→ ABOUT THIS EXERCISE
Pictures are to be left out. Return exactly the lines below from the one with "男性向けラノベタイトル風あだ名 | 『転生したらめろんさやだった件』 |" up to and including the one with "- Możliwość ścierania".

→ EXTRACTED INFORMATION
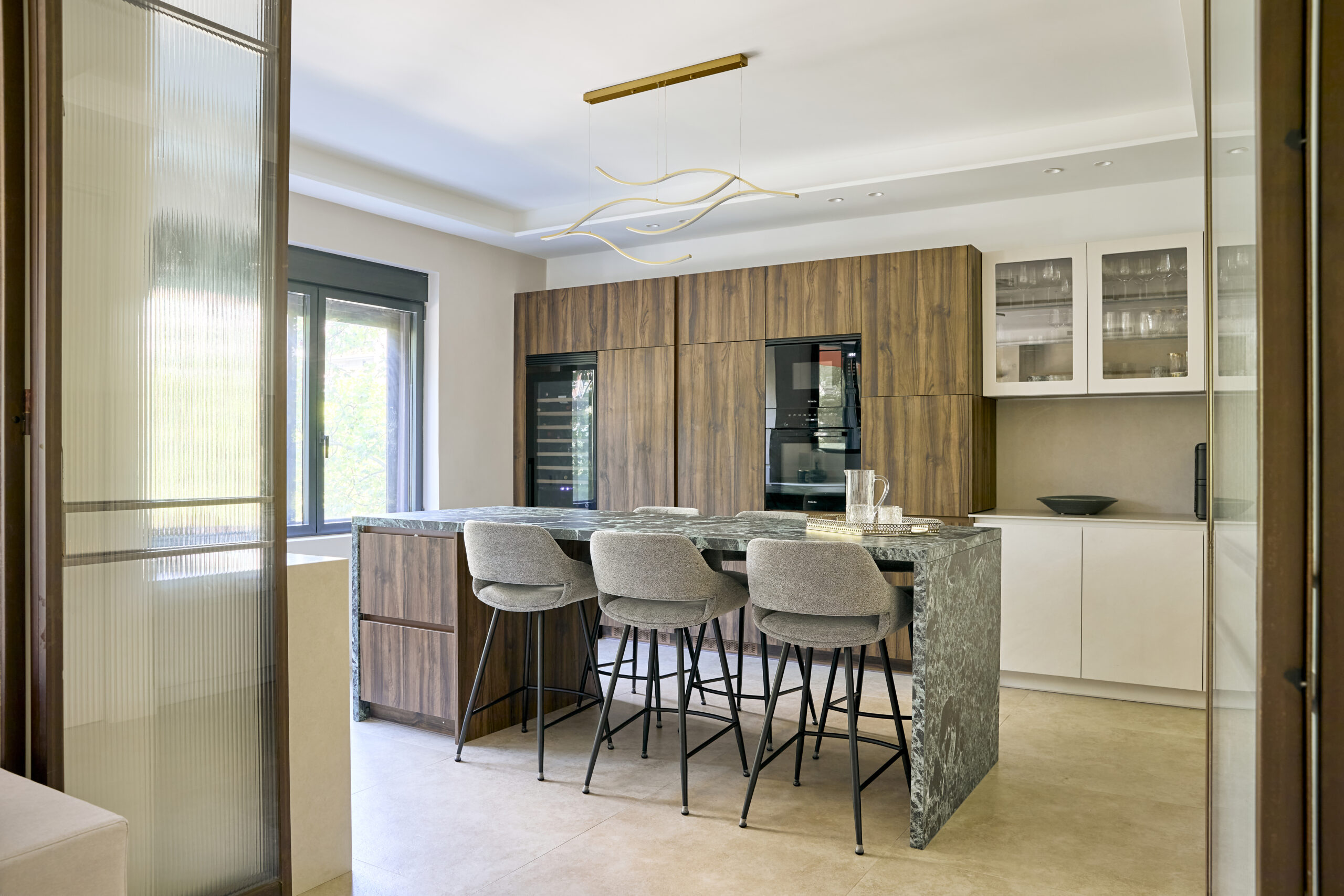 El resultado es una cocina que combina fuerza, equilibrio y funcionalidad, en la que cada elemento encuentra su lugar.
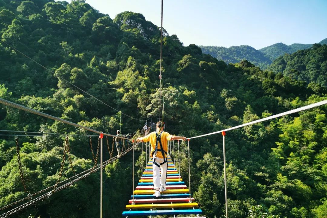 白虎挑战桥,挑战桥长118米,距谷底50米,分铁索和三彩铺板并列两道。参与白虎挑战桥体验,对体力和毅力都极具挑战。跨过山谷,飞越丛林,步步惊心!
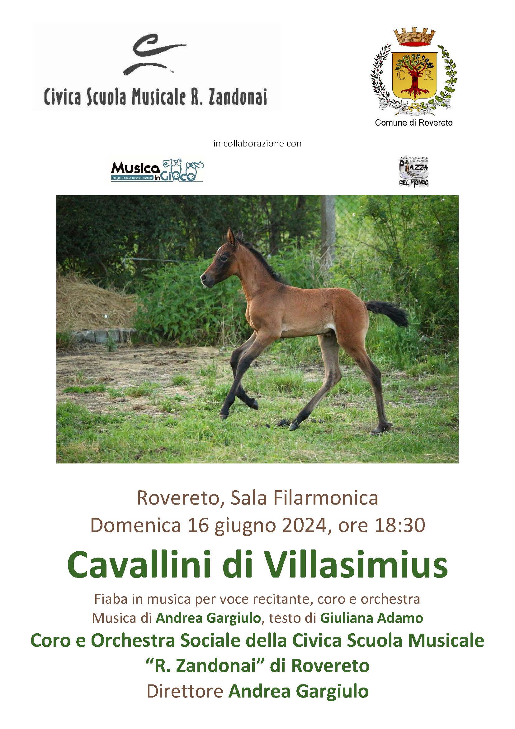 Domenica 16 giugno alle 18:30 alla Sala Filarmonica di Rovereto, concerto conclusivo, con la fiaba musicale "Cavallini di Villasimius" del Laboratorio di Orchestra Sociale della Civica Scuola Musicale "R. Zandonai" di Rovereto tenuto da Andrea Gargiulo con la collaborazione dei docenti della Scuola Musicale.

...

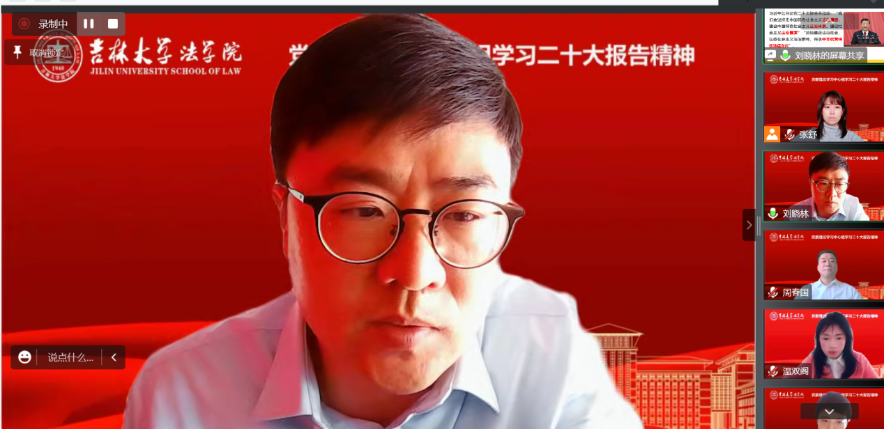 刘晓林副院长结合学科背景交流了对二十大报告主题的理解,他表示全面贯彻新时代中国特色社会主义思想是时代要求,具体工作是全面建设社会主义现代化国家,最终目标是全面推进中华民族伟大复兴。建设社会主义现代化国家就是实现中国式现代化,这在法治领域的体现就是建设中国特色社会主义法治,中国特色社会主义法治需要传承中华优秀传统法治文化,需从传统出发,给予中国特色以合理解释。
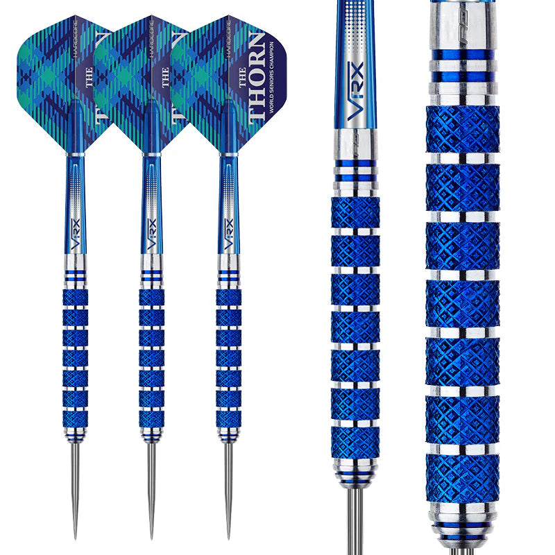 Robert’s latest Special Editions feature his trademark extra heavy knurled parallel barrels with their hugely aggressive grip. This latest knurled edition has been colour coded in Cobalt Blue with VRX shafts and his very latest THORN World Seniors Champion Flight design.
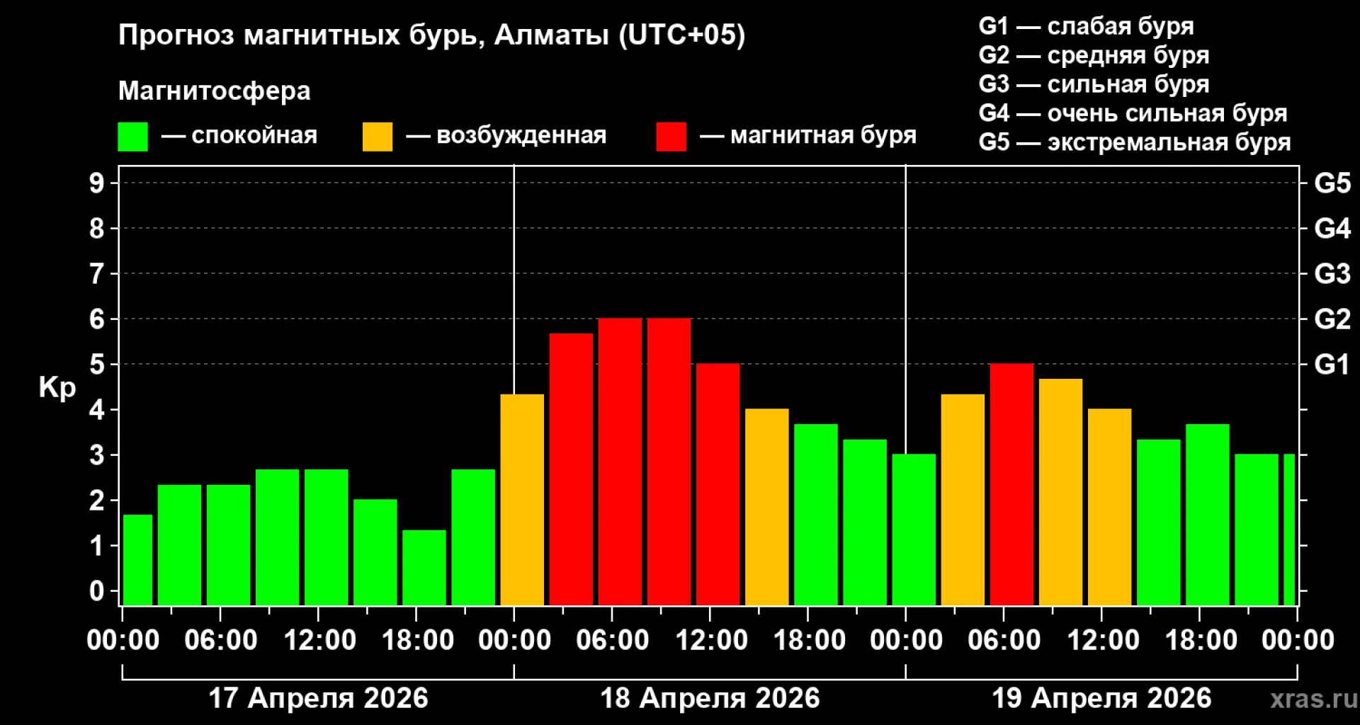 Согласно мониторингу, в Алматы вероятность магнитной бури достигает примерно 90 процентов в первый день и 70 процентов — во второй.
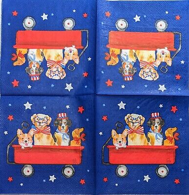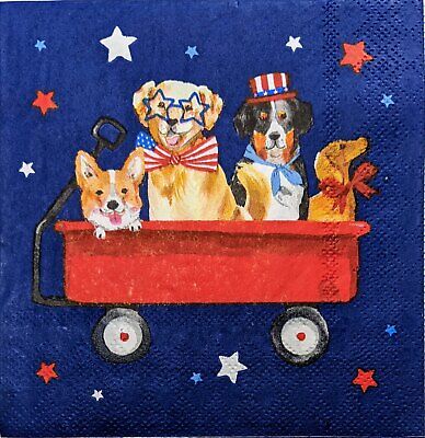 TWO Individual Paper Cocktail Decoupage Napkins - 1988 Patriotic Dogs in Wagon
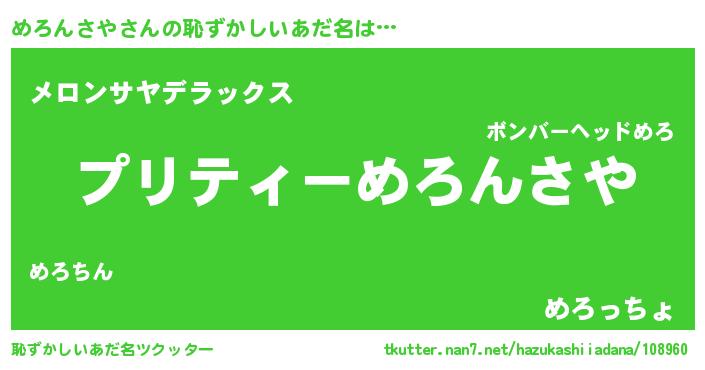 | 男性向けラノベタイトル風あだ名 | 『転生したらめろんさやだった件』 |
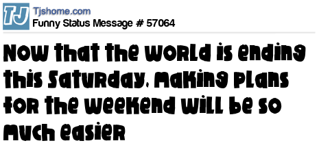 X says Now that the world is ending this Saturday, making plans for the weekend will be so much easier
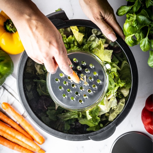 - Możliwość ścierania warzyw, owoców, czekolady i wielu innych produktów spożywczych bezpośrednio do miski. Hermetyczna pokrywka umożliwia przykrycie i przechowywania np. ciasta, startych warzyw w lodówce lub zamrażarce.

==

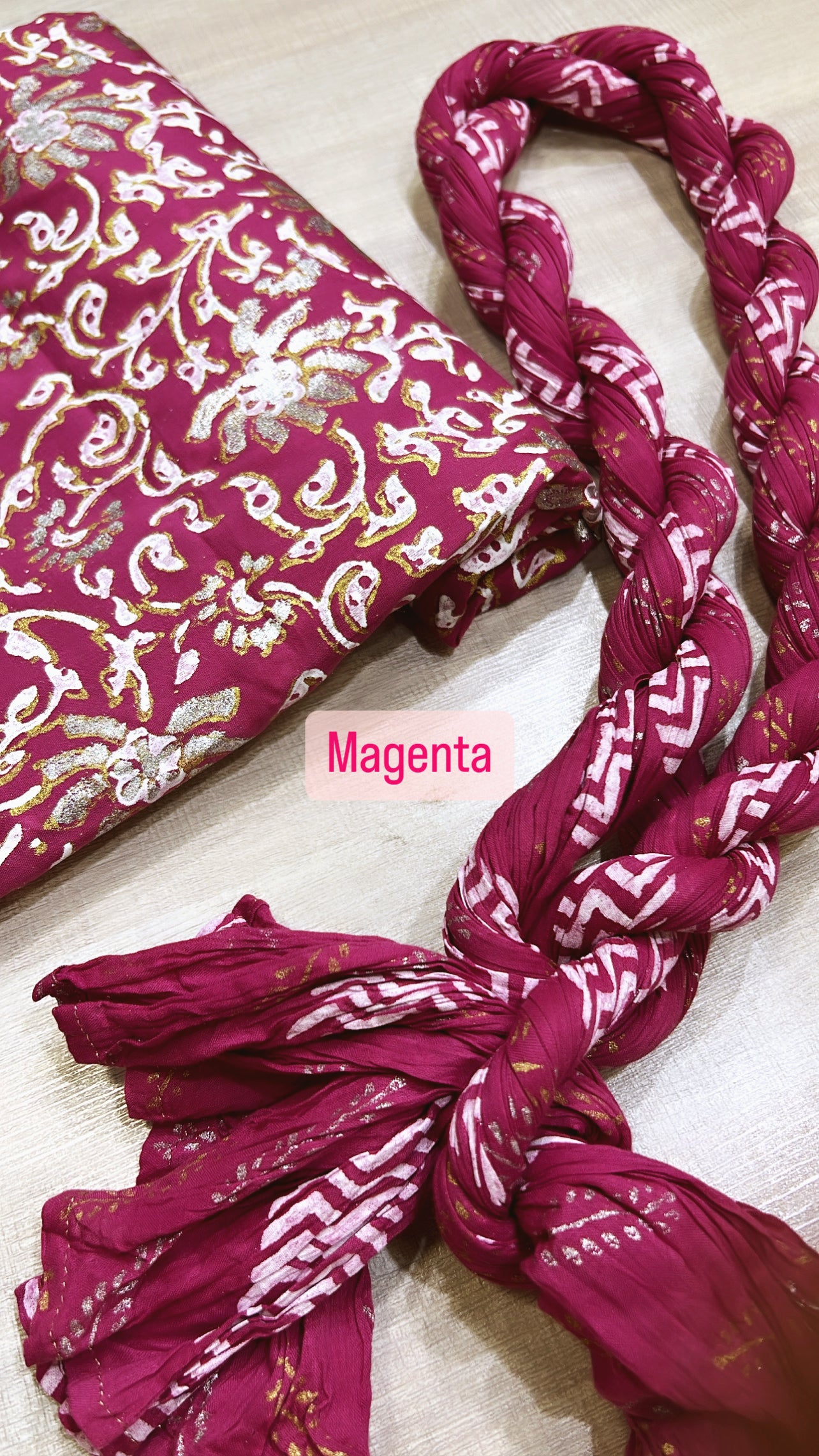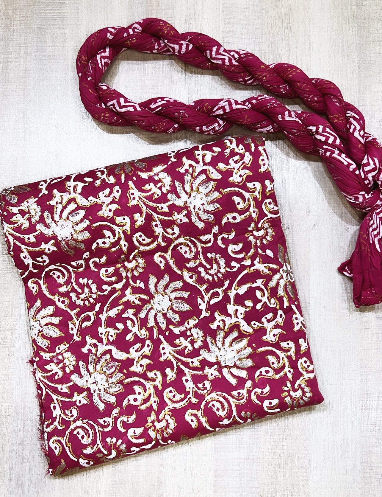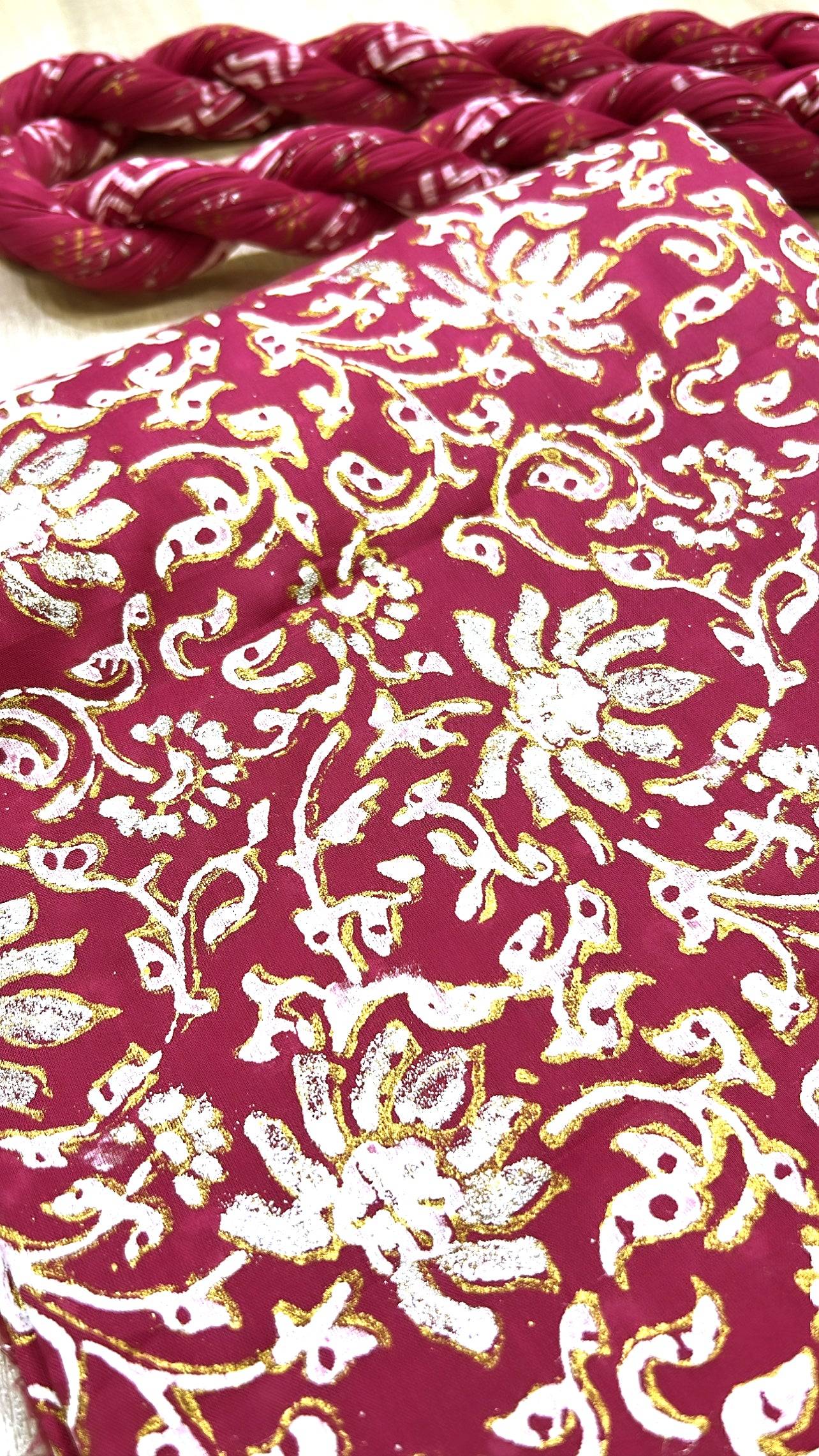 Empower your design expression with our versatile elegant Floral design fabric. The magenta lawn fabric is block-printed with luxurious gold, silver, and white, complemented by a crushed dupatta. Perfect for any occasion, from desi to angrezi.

→ RESULT OF THIS TASK
 | 男性向けラノベタイトル風あだ名 | 『転生したらめろんさやだった件』 |
 X says Now that the world is ending this Saturday, making plans for the weekend will be so much easier
 - Możliwość ścierania warzyw, owoców, czekolady i wielu innych produktów spożywczych bezpośrednio do miski. Hermetyczna pokrywka umożliwia przykrycie i przechowywania np. ciasta, startych warzyw w lodówce lub zamrażarce.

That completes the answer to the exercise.